In my last article, we looked at a mistake that many people make when dealing with successive increases and decreases. In this article, we’ll examine another common error. To set the stage, please answer the following question:

**If toaster X costs 10 percent more than toaster Y costs, which of the following COULD be true?**

**I. Toaster Y costs $10 less than toaster X costs**

II. Toaster X costs $20 more than toaster Y costs

III. Toaster Y costs 10 percent less than toaster X costs

(A) I only

(B) I and II only

(C) I and III only

(D) II and III only

(E) I, II and III

Let’s check each statement.

__Statement I__: toaster Y costs $10 less than toaster X costs. If toaster Y cost $100, then toaster X would cost $110, in which case statement I would be true.

__Statement II__: toaster X costs $20 more than toaster Y costs. If toaster Y cost $200, then toaster X would cost $220, in which case statement II would be true.

__Statement III__: toaster Y costs 10 percent less than toaster X costs. This statement can never be true (we’ll see why shortly).

So, the correct answer is B.

If you thought the answer was E, then you probably have a common misconception that goes something like this: *If A is k percent greater than B, then B must be k percent less than A. *This, however, is not true. In fact, if we were to create a rule, it would go something like this:

**If A is k percent greater than B, then B is NOT k percent less than A.**

So, for example, if toaster X costs 10 percent more than toaster Y costs, then toaster Y does NOT cost 10 percent less than toaster X costs.
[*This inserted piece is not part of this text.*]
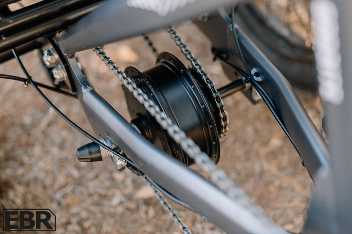 The Granite runs on a 500W rear hub motor (peaking at 860W) nestled between the two back wheels, pushing out 65 Nm of torque – numbers that translate to solid real-world performance for a trike. While the motor stays fairly quiet during regular riding, you’ll notice it gets a bit more vocal when you’re leaning heavy on the throttle at higher speeds.

To demonstrate this, let’s plug in some nice prices for the two toasters. We already recognized that, if toaster Y cost $100, then toaster X would cost $110. Here, we can see that toaster X costs 10% more than toaster Y, but toaster Y does not cost 10 percent less than toaster X.

The price difference is $10, and since 10/110 is approximately 9.09%, we can see that toaster Y actually costs about 9.09% less than toaster X.

Now, I’m not going to provide a global proof of the above statement (in blue); I’ll leave that to you. Rather, let’s examine a few examples that illustrate the main central concept here.

**Example A: Lisa is 4 feet tall, and Bart is 5 feet tall**

The height difference is 1 foot. So, Bart is 25% taller than Lisa (since 1/4 = 25%), but Lisa is NOT 25% shorter than Bart. Lisa is 20% shorter than Bart (since 1/5 = 20%)

**Example B: Car X costs $20,000, and car Y costs $40,000**

The price difference is $20,000. So, car Y costs 100% more than car X (since 20,000/20,000 = 100%), but car X does NOT cost 100% less than car Y. Car X costs 50% less than car Y (since 20,000/40,000 = 50%).

So, when dealing with percents, be sure to remember the following:

**If A is k percent greater than B, then B is NOT k percent less than A.**